Depois da Copa do Mundo, em que levou o primeiro cartão vermelho da história dos Mundiais (a expulsão foi introduzida na época), Caszely volta para Valência e joga a temporada inteira na terceira divisão. Marcou 26 gols e se consagrou como artilheiro de todas as divisões nacionais, apesar da perseguição por pontapés dos adversários que lhe eram implacáveis. Mas o Levante perdeu o acesso para o Alavés e continuou sem subir.

Com mais um ano na terceira pela frente, Torralba decide que é melhor vendê-lo. Comprou por oito milhões e fez um grande negócio ao vendê-lo por 25 ao Espanyol. Mas ele não pôde jogar pela nova equipe nos primeiros meses, porque já havia dois estrangeiros, Jeremías e Ortiz Aquino, e seu processo de naturalização, ao qual teria direito pelos dois anos trabalhando na Espanha, atrasou. Em uma entrevista, ele se define de uma maneira curiosa: “No futebol, há trabalhadores, arquitetos e o gerente, que é quem marca o gol, quem dá a assinatura ao trabalho de todos. No futebol, eu sou o gerente.”

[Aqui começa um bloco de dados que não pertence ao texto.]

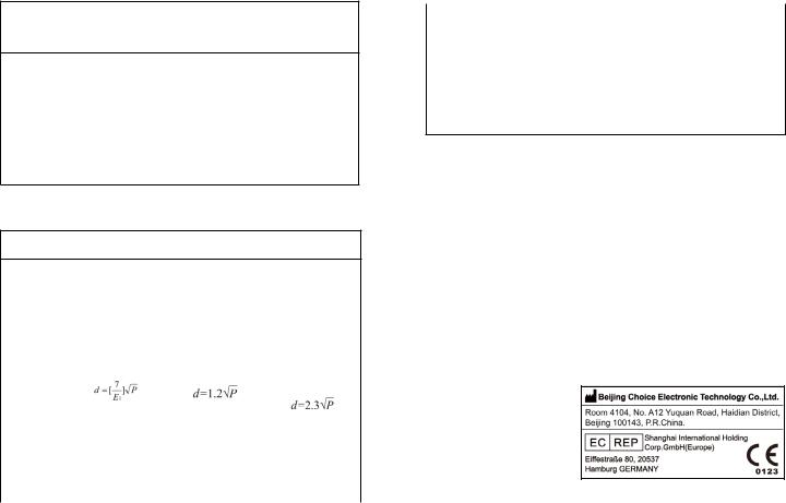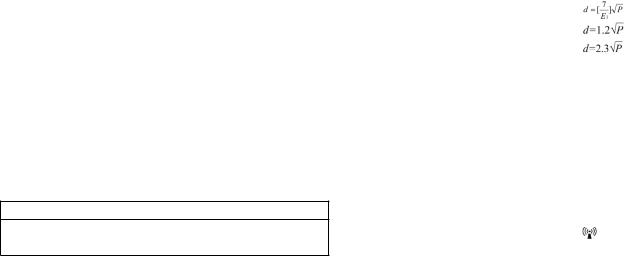 Для передатчиков с максимальной выходной мощностью, не перечисленных выше, рекомендуемое расстояние в метрах (м) можно оценить с помощью уравнения, применимого к частоте передатчика, где P является максимальной номинальной выходной мощностью передатчика в ваттах (Вт) согласно данным производителя передатчика.

Torcedores acharam graça e passaram a chamá-lo de El Gerente. Em Barcelona, ele conseguiu fazer ecoar a desavença com Pinochet, o que contribuiu para alimentar sua aura fora do campo. Bem sucedido, conduziu o Espanyol à Copa da UEFA. Defendeu a seleção catalã ao lado de Cruyff, que sugeriu ao Barcelona que tentassem contratá-lo. Dirigentes culés pediram Caszely para sondar com o presidente do Espanyol o preço de sua contratação, “mas não diga que é pelo Barça, porque ele se recusará”. Caszely falou com o cartola de seu clube, que se negou a estabelecer um valor sem saber para quem. Finalmente, Caszely disse que era para o maior rival da cidade e o presidente, então, recusou.

No segundo ano, tudo corria bem até Fernández Amado quebrar sua perna em um treinamento. Dois meses fora. No retorno, sofreu uma fissura na mesma fíbula. Mais dois meses, temporada praticamente perdida. Mas o terceiro ano foi ainda pior. Heriberto Herrera, um treinador que queria lutadores, e não gerentes, chegou ao comando do Espanyol. Caszely passou a jogar muito pouco.

Terminava ali sua aventura na Espanha. Ele chegou com 23 e, aos 28, retornou ao Chile. Deixou um cartel de 60 gols e muitos amigos em Valência e Barcelona, onde retorna com alguma frequência. Foi consultor do embaixador chileno na Espanha por um tempo depois de se formar em educação física e jornalismo. Logo após se despedir do futebol, com uma multidão no estádio de Santiago, apareceu em rede nacional ao lado de sua mãe, que finalmente revelou as torturas que havia sofrido nas mãos do regime militar. Um ato político decisivo para a vitória no plebiscito que derrubou a ditadura de Pinochet.